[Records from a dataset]
· · · · ·

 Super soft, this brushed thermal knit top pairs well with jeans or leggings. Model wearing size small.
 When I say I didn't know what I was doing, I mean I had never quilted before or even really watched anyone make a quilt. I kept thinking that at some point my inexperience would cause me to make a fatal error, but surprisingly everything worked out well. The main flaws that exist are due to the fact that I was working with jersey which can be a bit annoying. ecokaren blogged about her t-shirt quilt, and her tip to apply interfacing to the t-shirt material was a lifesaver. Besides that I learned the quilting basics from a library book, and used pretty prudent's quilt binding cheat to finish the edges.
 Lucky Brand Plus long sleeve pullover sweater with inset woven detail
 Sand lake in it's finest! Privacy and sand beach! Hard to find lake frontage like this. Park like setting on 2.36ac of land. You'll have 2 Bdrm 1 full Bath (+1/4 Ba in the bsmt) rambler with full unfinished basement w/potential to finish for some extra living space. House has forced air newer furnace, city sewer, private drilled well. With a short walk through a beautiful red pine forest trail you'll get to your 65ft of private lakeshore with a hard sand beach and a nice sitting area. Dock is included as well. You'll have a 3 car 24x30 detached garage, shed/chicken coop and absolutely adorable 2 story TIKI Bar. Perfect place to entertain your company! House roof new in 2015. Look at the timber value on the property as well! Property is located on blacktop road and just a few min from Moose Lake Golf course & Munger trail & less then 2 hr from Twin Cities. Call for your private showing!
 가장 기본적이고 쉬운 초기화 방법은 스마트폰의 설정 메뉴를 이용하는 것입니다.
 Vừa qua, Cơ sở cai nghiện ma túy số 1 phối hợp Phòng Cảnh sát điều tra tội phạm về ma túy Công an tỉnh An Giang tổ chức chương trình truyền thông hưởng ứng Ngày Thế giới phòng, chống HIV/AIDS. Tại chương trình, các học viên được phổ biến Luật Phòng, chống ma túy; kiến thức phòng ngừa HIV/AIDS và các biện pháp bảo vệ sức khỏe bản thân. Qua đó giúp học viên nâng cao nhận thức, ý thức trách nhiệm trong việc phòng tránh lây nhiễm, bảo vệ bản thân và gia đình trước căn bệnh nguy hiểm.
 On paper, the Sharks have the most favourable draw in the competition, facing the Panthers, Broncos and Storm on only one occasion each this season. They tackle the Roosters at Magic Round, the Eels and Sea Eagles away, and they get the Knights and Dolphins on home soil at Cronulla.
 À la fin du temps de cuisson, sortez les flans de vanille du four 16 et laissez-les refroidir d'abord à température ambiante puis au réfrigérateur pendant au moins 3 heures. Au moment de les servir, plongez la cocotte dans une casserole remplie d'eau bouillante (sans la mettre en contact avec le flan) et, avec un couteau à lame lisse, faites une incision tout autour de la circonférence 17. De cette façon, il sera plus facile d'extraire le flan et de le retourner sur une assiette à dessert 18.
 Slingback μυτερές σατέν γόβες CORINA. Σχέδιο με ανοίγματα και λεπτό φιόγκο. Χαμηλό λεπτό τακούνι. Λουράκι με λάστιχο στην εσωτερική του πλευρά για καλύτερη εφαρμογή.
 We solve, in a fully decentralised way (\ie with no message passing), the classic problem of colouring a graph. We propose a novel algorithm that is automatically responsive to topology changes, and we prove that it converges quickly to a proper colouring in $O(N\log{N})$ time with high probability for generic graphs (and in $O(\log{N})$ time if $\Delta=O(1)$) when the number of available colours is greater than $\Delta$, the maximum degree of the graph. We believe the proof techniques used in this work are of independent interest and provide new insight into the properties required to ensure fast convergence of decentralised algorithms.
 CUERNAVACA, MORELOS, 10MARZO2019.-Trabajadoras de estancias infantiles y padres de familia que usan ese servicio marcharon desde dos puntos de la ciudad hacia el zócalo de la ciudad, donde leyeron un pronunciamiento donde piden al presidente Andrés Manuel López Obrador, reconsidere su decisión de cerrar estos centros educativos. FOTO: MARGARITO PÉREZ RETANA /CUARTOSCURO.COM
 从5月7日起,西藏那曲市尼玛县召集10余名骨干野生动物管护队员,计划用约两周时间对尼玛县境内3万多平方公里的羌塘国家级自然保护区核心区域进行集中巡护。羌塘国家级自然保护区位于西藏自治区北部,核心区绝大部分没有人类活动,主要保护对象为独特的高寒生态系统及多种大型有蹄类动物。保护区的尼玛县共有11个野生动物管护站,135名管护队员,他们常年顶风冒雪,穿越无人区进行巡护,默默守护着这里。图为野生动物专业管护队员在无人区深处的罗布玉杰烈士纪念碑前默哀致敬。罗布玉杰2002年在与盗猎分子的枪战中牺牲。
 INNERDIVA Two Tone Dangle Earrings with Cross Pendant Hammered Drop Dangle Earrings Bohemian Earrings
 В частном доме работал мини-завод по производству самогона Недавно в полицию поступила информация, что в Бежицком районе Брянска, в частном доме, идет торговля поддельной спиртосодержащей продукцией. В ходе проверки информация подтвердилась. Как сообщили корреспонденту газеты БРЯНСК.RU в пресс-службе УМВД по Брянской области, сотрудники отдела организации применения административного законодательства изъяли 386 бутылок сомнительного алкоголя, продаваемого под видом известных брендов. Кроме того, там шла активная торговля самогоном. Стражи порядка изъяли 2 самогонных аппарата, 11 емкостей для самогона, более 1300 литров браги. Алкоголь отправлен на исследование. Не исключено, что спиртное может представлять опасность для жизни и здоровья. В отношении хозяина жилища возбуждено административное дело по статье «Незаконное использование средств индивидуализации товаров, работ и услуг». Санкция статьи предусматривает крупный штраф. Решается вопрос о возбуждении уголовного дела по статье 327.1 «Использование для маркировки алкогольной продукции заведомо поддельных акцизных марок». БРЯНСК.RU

· · · · ·

**Exercise requirements**. Beginning with the first line above, could you copy every line exactly, up to and including the one with "Lucky Brand Plus"?

**Task output**.
 Super soft, this brushed thermal knit top pairs well with jeans or leggings. Model wearing size small.
 When I say I didn't know what I was doing, I mean I had never quilted before or even really watched anyone make a quilt. I kept thinking that at some point my inexperience would cause me to make a fatal error, but surprisingly everything worked out well. The main flaws that exist are due to the fact that I was working with jersey which can be a bit annoying. ecokaren blogged about her t-shirt quilt, and her tip to apply interfacing to the t-shirt material was a lifesaver. Besides that I learned the quilting basics from a library book, and used pretty prudent's quilt binding cheat to finish the edges.
 Lucky Brand Plus long sleeve pullover sweater with inset woven detail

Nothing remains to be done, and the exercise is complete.